The ground was shaking now, and all the rocky sand under their feet seemed to rattle and walk away, becoming a thousand rivers of stone and gravel. Hundreds of holes were uncovered, all around them.

The rest of the soldiers were jogging now, following Agraneia’s lead. She pushed the scribe again into a full-blown sprint.

Something jostled off his pack, and when he stop to get it, she grabbed him and held fast and kept him running.

She did not stop to see if the rest of the soldiers were coming. It wasn’t worth it.

She could hear it now. The cracking of stone. The groaning of something too heavy for the ground, vibrating the soil under her feet as it came towards them. A shadow in the corner of her eye, growing in the mists.

So big. How did it get so close?

It was impossible to tell if it was one thing, or a hundred things coming towards them. All she knew was that the mass had more arms and appendages than the whole cohort put together.

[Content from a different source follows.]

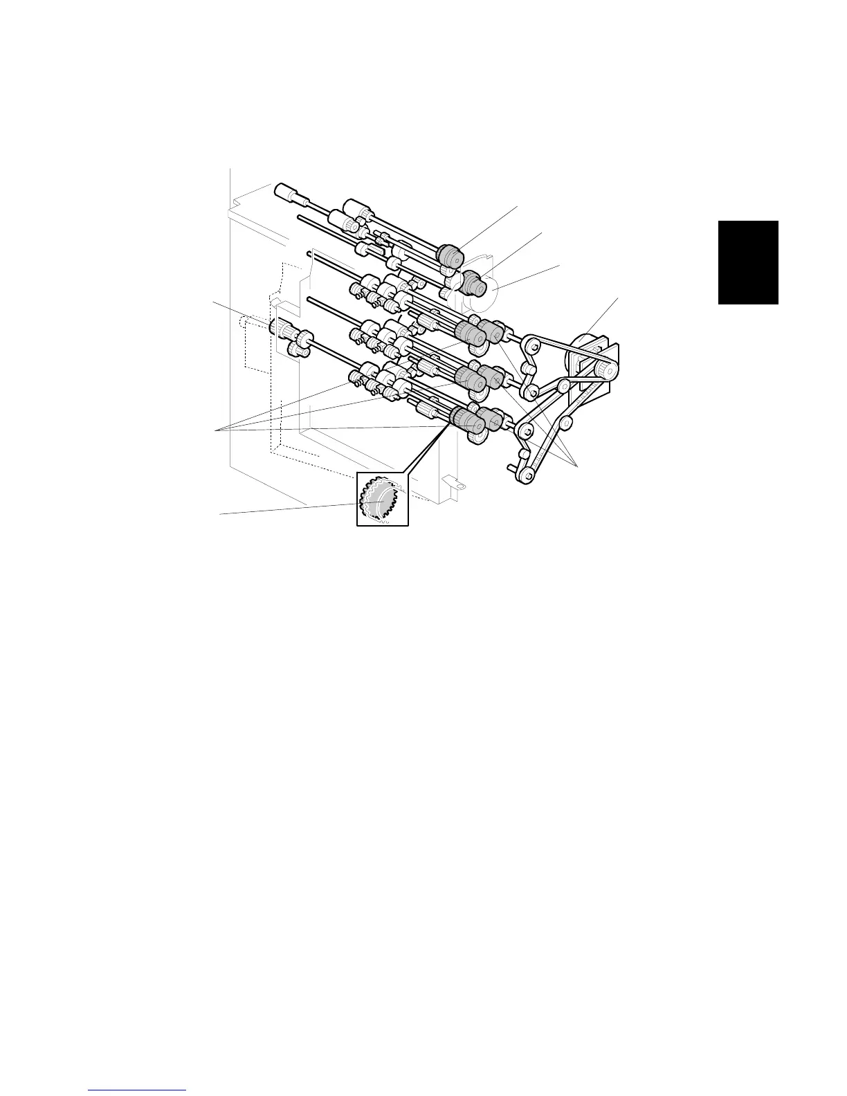 the vertical transport rollers. Drive is transferred to each of the three vertical

It smashed the ground, its long, endless body lifting and falling as it dragged itself towards them.

Now, even the Captain was running, and the soldiers were a crowd of pumping legs and arms, racing to reach the cliff wall. More holes opened up under their feet, and it was all she could do to dodge them. To keep the scribe from falling in.

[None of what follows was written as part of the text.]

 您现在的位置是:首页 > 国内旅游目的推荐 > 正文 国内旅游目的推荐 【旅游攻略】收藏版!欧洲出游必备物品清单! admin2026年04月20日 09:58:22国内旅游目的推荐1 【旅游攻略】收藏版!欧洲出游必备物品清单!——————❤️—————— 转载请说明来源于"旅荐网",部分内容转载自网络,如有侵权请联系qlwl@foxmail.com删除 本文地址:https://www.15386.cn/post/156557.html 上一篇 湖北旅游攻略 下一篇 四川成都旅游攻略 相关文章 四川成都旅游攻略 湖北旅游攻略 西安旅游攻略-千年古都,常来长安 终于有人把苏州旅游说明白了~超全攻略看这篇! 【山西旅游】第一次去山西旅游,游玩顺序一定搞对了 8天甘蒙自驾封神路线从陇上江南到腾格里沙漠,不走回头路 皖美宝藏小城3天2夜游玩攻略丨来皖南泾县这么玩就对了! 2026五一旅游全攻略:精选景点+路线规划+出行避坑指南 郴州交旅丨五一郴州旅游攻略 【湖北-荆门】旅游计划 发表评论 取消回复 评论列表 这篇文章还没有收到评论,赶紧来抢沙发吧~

The cliff wall loomed ahead. Over them. And a stroke of panic slashed through Agraneia’s mind. What if we missed the entrance on the other side?

But there were more boulders, these sealed together with a muddy mortar. And all the gouges and scars in the stone, some deep enough for Agraneia to fit her hand in, all of them pointed inwards towards the hole in the boulders. As if something had tried to tear its way in.

Loose stones trickled from the cliffs above as the ground rumbled, showering them. Agraneia pushed the scribe in first. And she threw a few more soldiers in, trying to catch a glimpse at the wall of darkness coming towards them. Something screeched, though she did not think it was a mouth. More like the screech of branches rubbing against each other, or bones. And the thunder of movement across the ground shook her to her core.

There were more stragglers behind. Captain Dinnae was still back there, waiting for them. Baccus had already gone through.

Agraneia grabbed the captain’s shoulder.

“Get off me,” the captain said, a red fury in her eyes, but Agraneia didn’t let go. She hauled the dullscale captain into the archway with her.

The stragglers would be dead soon enough.

Agraneia squeezed herself into the stone archway, and the captain had stopped resisting. They came out into the other side.

Out into another village, carved in the stone.

A sea of faces looked down on them. Reptilian faces. Locals. Still living on this side of the canyon. There were dozens of them, and the last thing they expected was a ragged patrol of cyrans to come bursting through the canyon wall.